Zusätzliche Kriterien
Weiterhin haben sich folgende Punkte zusätzlich als Kriterien in Forschung und Praxis für die Internetverhaltenssüchte als wichtig ergeben, die die oben aufgeführten sechs Kriterien in bestimmten wichtigen Aspekten ergänzen:
Verhaltensbezogene Einengung
Im Verlauf der Sucht lässt sich ein Interessensverlust an anderen Dingen beobachten. Betroffene ziehen sich aus sozialen, beruflichen oder anderen Freizeitaktivitäten zurück.

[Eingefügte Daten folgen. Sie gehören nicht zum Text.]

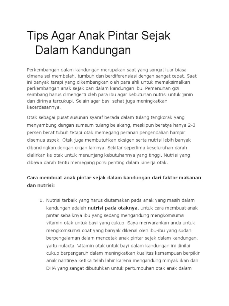 Dengan begitu anda bisa berkonsultasi mengenai perkembangan janin dalam kandungan anda. 20 tips untuk ibu hamil agar bayi cerdas sejak dalam kandungan paling ampuh yang bisa dilakukan dengan pola makan aktivitas fisik hingga kegiatan lainnya. Olahraga masih menjadi bagian penting dari pola hidup sehat ibu hamil untuk menjaga kesehatan.

Hobbys und Interessen, die früher Freude bereitet haben, werden aufgegeben, um mehr Zeit online verbringen zu können.
Fortsetzung trotz Problemen
Auch wenn Betroffene erkennen, dass ihre Internetnutzung negative Auswirkungen auf ihre Psyche, Beziehungen oder den Beruf hat, setzen sie das Verhalten fort. Es überwiegt die Angst, auf die bestimmte Online-Aktivitäten verzichten zu müssen.
Entstehung von Verlusten
Die Sucht kann zu ernsthaften persönlichen, beruflichen oder finanziellen Verlusten führen. Beziehungen können zerbrechen und finanzielle Schulden entstehen. Auch Arbeitsplatzverlust oder schlechte Schulleistungen können als Folgen der Verhaltenssucht auftreten.